The scene is from Happy Together, or in Mandarin, 春光乍洩 — one of my favorite movies of all time, and my favorite queer movie of all time.
There is so much hurt in this frame, there is also so much tenderness. I hold both in my hands whenever I think about the queer experience.
The rest of this paragraph unintentionally transformed into a full love letter to the movie that I will leave for a separate post.
i’ve been thinking about queerness lately
I’ve been thinking about queerness1 lately. I don’t think it has ever left my mind.
26 years of growing up and navigating adulthood, and it still feels like I’m constantly catching up on lost experiences. Playing catch-up on a lost childhood and adolescence that feels so much like a lost cause.
This is not new. This is the queer experience. I have made peace with it. Not like I have much of a choice.
“Being queer saved my life. Often we see queerness as deprivation. But when I look at my life, I saw that queerness demanded an alternative innovation from me. I had to make alternative routes; it made me curious; it made me ask, "Is this enough for me?”" —Ocean Vuong
Don’t get me wrong, I’ve been luckier than most. Queerness is not something I actively worried about, or beat myself over when I was growing up (that would be a different identity crisis). But it still wasn’t easy, nor was it simple.
Here I am, 26 and a full-fledged adult, still seeking out queer narratives and stories that can bring me solace, from the simple concerns of love and dating, to more fundamental issues of discrimination.
Just as 15 year old esje was, with his trusty old Lenovo, in the bedroom he grew up with, looking for queer stories that made him feel normal (hi Queer as Folk, Shameless, Sense8, and many more that I have long forgotten).
Growing up queer in Southeast Asia is no easy task, let me just emphasize that.
It still stings, to this day, the additional layer of difficulty — and sometimes its not even difficulty, but just consideration, that comes with navigating life (the simple correction of difficulty, for consideration is already another layer of privilege that I experience and acknowledge that I know many others don’t get — that for others, life is difficult).
You expect growing up to make things easier, but it just makes things a lot more complicated.
September 2023, doors were opening up for me and I was about take the next step in my career, which effectively, would be a major life change. I was moving away, permanently, from Manila.
Bangkok, or Kuala Lumpur, I had the option. There were so many things to consider — social life, career progression, pay package, quality of life, and so many more. By this time, I’ve already built a good 6 months of my life in Bangkok putting it at a considerable advantage.
But why let the opportunity to move to another city in my mid-20s pass me by? I love Malay, Indian, and Chinese food?

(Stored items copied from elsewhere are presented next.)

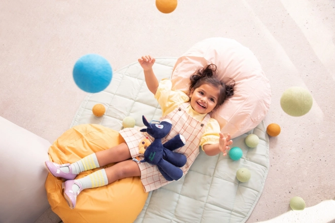 A játék minőségi poliészterből és pamutból készült, kellemes tapintású textúrái taktilis stimulációt nyújtanak, és ideálisak ölelgetéshez otthon és útközben egyaránt. A tisztítás egyszerű – elég nedves ruhával áttörölni a felületet.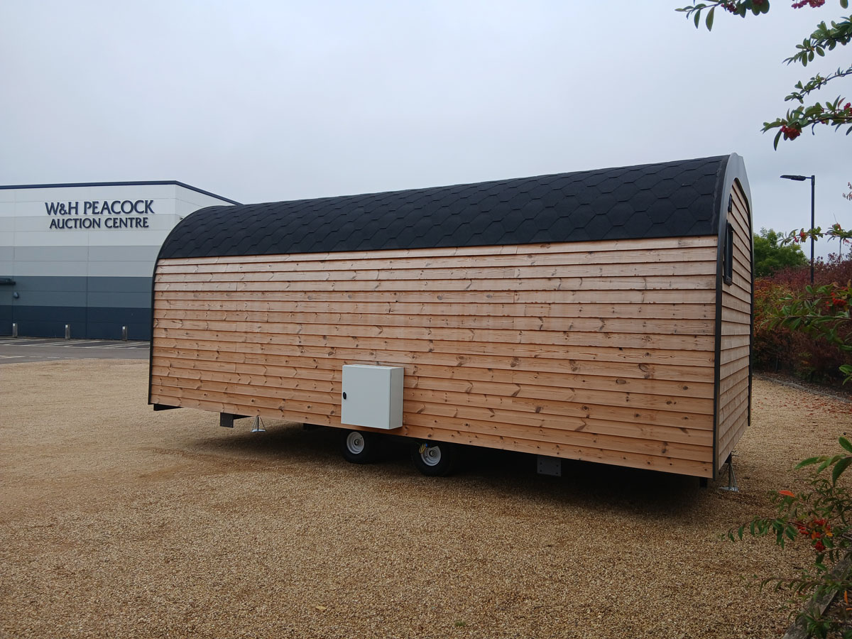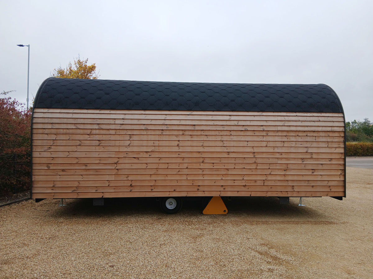 External measurements 3.6m wide (excluding consumer unit) x 3.5m tall (from ground to top as is its sits on wheels) x 6.9m long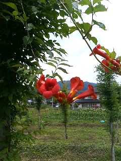 休耕田を利用した池にたくさんの種類のハスが咲いていました。 訪れた時にはノウゼンカズラも見頃でした。 また、真ん中の写真の奥に見えるテントでは、地元の特産品や手作りまんじゅうを売っていました。 |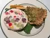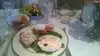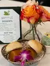 Lovely lunch! The Moroccan mint tea and the ginger tea were great. The chicken salad was great. Loved the frozen fruit wedges. The ham biscuits were great - especially the orange marmalade. The fried green tomato salad was great as well! Excellent service as well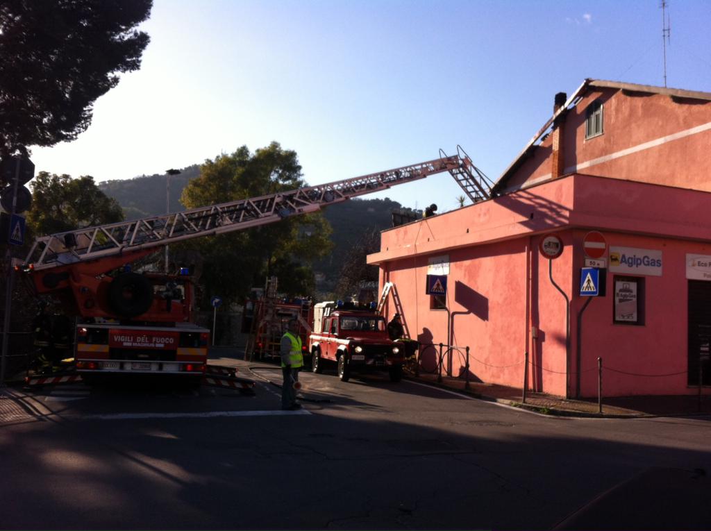 Parte del tetto di un’abitazione in via Nazionale, allo svincolo con via Andreoli, dalla rotonda dell’autostrada di Oneglia, ha preso fuoco oggi pomeriggio intorno alle 15. La dinamica non è ancora stata accertata, ma probabilmente le fiamme sono divampate per via di qualche problema con la canna fumaria della casa.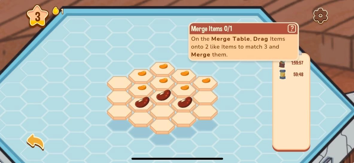 2、收集各类资源,将不同物品进行合并,制作并升级建筑与工具,一步步重建蜜林。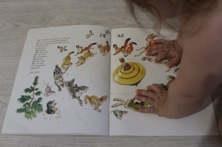 Эта книга у нас не так популярна как две предыдущие, но все же мы иногда ее достаем и читаем. Как говорят все животные Юля по этой книге уже говорит. Теперь мы просто рассуждаем о том, что нарисовано на картинке и т.п. Точнее мама рассуждает, а Юля уверенно кивает)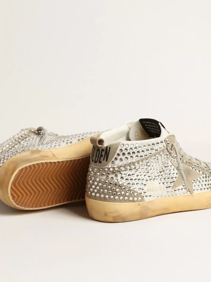 Versatilidad única y elegante: las zapatillas Mid Star aportan un toque refinado a su inspiración en la escena del skate de los años ochenta. Este modelo para mujer con parte superior de ante blanco cuenta con inserciones de ante gris paloma, como la estrella y el flash, y un motivo de cristales Swarovski en toda la superficie. La lengüeta del talón de ante gris paloma y los cordones gris hielo completan el look.

I have plenty of friends in Kuala Lumpur as well as in Singapore, which will just be a stone’s throw away. Beautiful considerations to a life that I would want to build for myself.
Then it hit me — one is in the first country in Southeast Asia (and 2nd in Asia) to legalize same-sex marriage2, the other being the capital of one of the most conservative nations in the world when it comes to the rights of the LGBT community3.
It should have made the choice to move to Bangkok much easier but all it did was leave a bitter aftertaste to a choice I would have made either way.
Because the worst thing is, and this is a good thing or bad thing depending on the perspective you’re taking, I knew that if I ended up living in Malaysia — that i’ll be fine. That certain privileges will be afforded to me simply based on many factors that are not within my control. Which sounds like great news until you realize not everyone gets to experience these privileges — what should be a basic right of self-expression and who you want to love becomes filtered out by many f-all factors.
So, again, I'm luckier than most. I know I’m luckier than most because here I am with the privilege of choice. When other queer people are actively being discriminated against or are forced to live their one and only life in the closet, I get to choose not to be in an environment that won’t be welcoming to the full scope of my identity.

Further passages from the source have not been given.